Solubilization of single-walled carbon nanotubes by using polycyclic aromatic ammonium amphiphiles in water--strategy for the design of high-performance solubilizers.

We describe the design of polycyclic aromatic compounds with high performance that dissolve single-walled carbon nanotubes (SWNTs). Synthetic amphiphiles trimethyl-(2-oxo-2-phenylethyl)-ammonium bromide (1) and trimethyl-(2-naphthalen-2-yl-2-oxo-ethyl)-ammonium bromide (2) carrying a phenyl or a naphtyl moiety were not able to dissolve/disperse SWNTs in water. By contrast, trimethyl-(2-oxo-2-phenanthren-9-yl-ethyl)-ammonium bromide (3) solubilized SWNTs, although the solubilization ability was lower than that of trimethyl-(2-oxo-2-pyrene-1-yl-ethyl)-ammonium bromide (4) (solubilization behavior observed by using 4 was described briefly in reference 4a).
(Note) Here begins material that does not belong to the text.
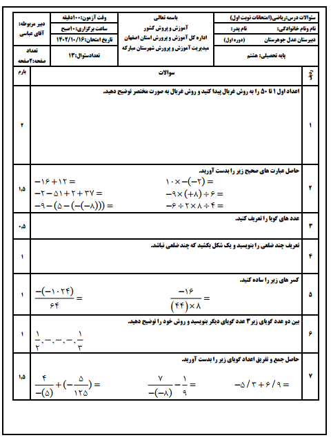 نمونه سوالات فصل اول تا سوم ریاضی پایه هشتم سوالات تشریحی و مفهومی از فصل اول ریاضی هشتم عددهای صحیح و گویا ، فصل دوم ریاضی هشتم عددهای اول و فصل سوم ریاضی هشتم چندضلعی ها به صورت استاندارد طراحی شده است. تعداد 13 سوال در 2 صفحه قرار دارد.

Transmission electron microscopy (TEM), as well as visible/near-IR, fluorescence, and near-IR photoluminescence spectroscopies were employed to reveal the solubilization properties of 4 in water, and to compare these results with those obtained by using sodium dodecyl sulfate (SDS) and hexadecyltrimethylammonium bromide (HTAB) as solubilizers. Compound 4 solubilized both the as-produced SWNTs (raw-SWNTs) and purified SWNTs under mild experimental conditions, and the solubilization ability was better than that of SDS and HTAB. Near-IR photoluminescence measurements revealed that the chiral indices of the SWNTs dissolved in an aqueous solution of 4 were quite different from those obtained by using micelles of SDS and HTAB; for a SWNTs/4 solution, the intensity of the (7,6), (9,5), and (12,1) indices were strong and the chirality distribution was narrower than those of the micellar solutions. This indicates that the aqueous solution of 4 has a tendency to dissolve semiconducting SWNTs with diameters in the range of 0.89-1.0 nm, which are larger than those SWNTs (0.76-0.97 nm) dissolved in the aqueous micelles of SDS and HTAB.